When something seems too good to be true, well, it probably is. I
suppose that doesn't mean that one shouldn't, at least, try. A fancy name seems
a good way to start trying, as was the case in the sudden rise of the World
Wide Web: Prodigy (Oh! My promising child!), CompuServe (We serve you computer
connectivity! See what we did there...), Genie (Technology, it's magic!), AOL
(Okay, acronyms are pretty lazy...but America OnLine -- We get you online, I
guess.), and Delphi (We are the center of the technological world!).
What's most interesting in
considering these huge service provider companies as dinosaurs - big, slow,
extinct (mostly), cumbersome - is that the mere allusion seems to hint at the
potential of waves of near extinction forthcoming. It will undoubtedly come to
light in the future that new waves of convergence will prove previous providers’
technological structure obsolete, and make way for things like pesky little
tiny mammals (small web businesses and providers) to come forth and evolve into
giants, likely over and over again.
So, it makes sense then that the big dinosaurs would continue to
look for these tiny companies to adopt as part of the herd, as part of their
evolution. “Survival of the fittest” requires change, not just of technology,
but also in ways of thinking. Change cannot come from stagnation any more than
evolution can come from a singular species hoping to survive through the ages.
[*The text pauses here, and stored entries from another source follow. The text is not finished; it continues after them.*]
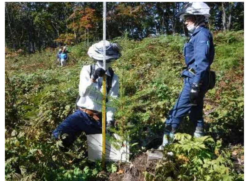
写真 (上) : 育苗中 (下) : 1 成長期後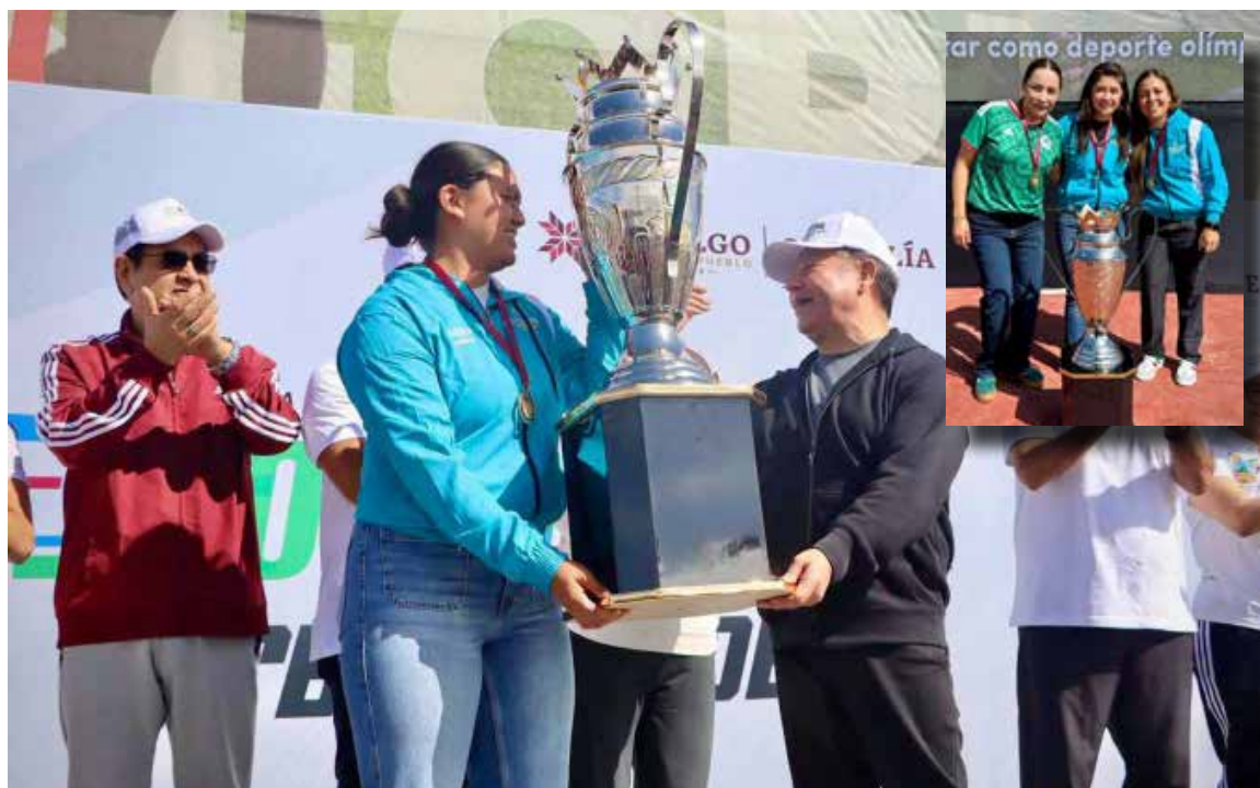
El reconocimiento destacó el esfuerzo, la disciplina y el talento de las jugadoras que lograron coronarse campeonas estatales tras una destacada participación

Con este logro, las campeonas continúan poniendo en alto el nombre de Atitalaquia y refrendan el potencial deportivo de la región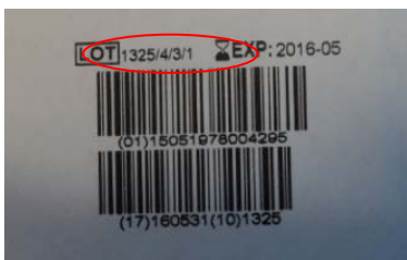
L'arrière de la pochette, montrant le numéro de lot (1325/X/X/X)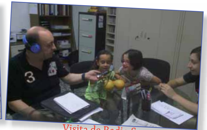
Visita de Radio Sax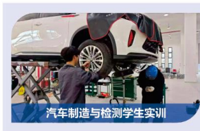
汽车制造与检测学生实训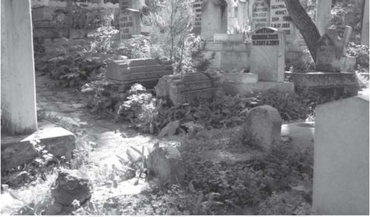
Resim 3: Yetişkin Mezarlarının Arasına Serpiştirilmiş Bebek Mezarları

Şanlıurfa'da çocuklar için farklı bir ölü gömme uygulamasının varlığı kent merkezindeki Harran kapı Mezarlığı ile Harran ve Viranşehir ilçelerinde açık bir şekilde ortaya çıkmaktadır. Harran kapı Mezarlığında bebekler için ayrılmış küçük bir bölüm vardır; aynı şekilde Viranşehir'deki Belediye Mezarlığı ve Yeni Mezarlıkta bebek ve küçük çocuklar için ayrılmış bir çocuk mezarlığı bölümü bulunmaktadır. Harran ilçesinde ise 6 yaş öncesi çocuklar için ayrılmış iki çocuk mezarlığı bulunmaktadır. Bu konuyu daha da ilginç kılan, tarihsel olarak çeşitli toplumlarda çocuklar için yetişkinlerden farklı ölü gömme geleneklerinin olmasıdır. Bunun ilk örneği erken üst paleolitik döneme (27-20 bin yıl önce) aittir. Bu dönemde yaş kategorisinin dikkate alındığı ve mezarın yeri ve hediyeler bakımından bebek ve çocuk gömülerine yetişkinlerden farklı muamele edilmiş olduğunun ipuçları vardır (Zilhão,2005:234).Çanak-Çömlekli Neolitik yerleşmelerinde ise daha belirgin bir uygulamanın varlığından söz edilebilir. Birçok Geç Neolitik toplumda, yerleşim içerisinde, konutların tabanlarının altına, ocaklara yakın bölgelere bebekler ve çocuklar gömülmektedir. Bu yerleşmelerde yetişkinlerin, özelliklede erkeklerin sayısı, çocuklarla karşılaştırıldığında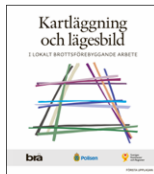
Kartläggning och lägesbild (1:a uppl.) Handbok. Stockholm: Brottsförebyggande rådet (2021).

A lack of change is the equivalent of death.
And this perhaps speaks to Yahoo!’s (YahooOOoo! Weeeee!) success.
Starting out as merely a search engine and morphing into a massive community,
expanding the herd, i.e. diversifying. Diversification in biology allows for a
greater hope of survival, especially in the way of mass extinctions, similar to
the way that diversification of internet business will allow all internet companies
to survive the next wave of the technological renaissance. It’s coming. Again.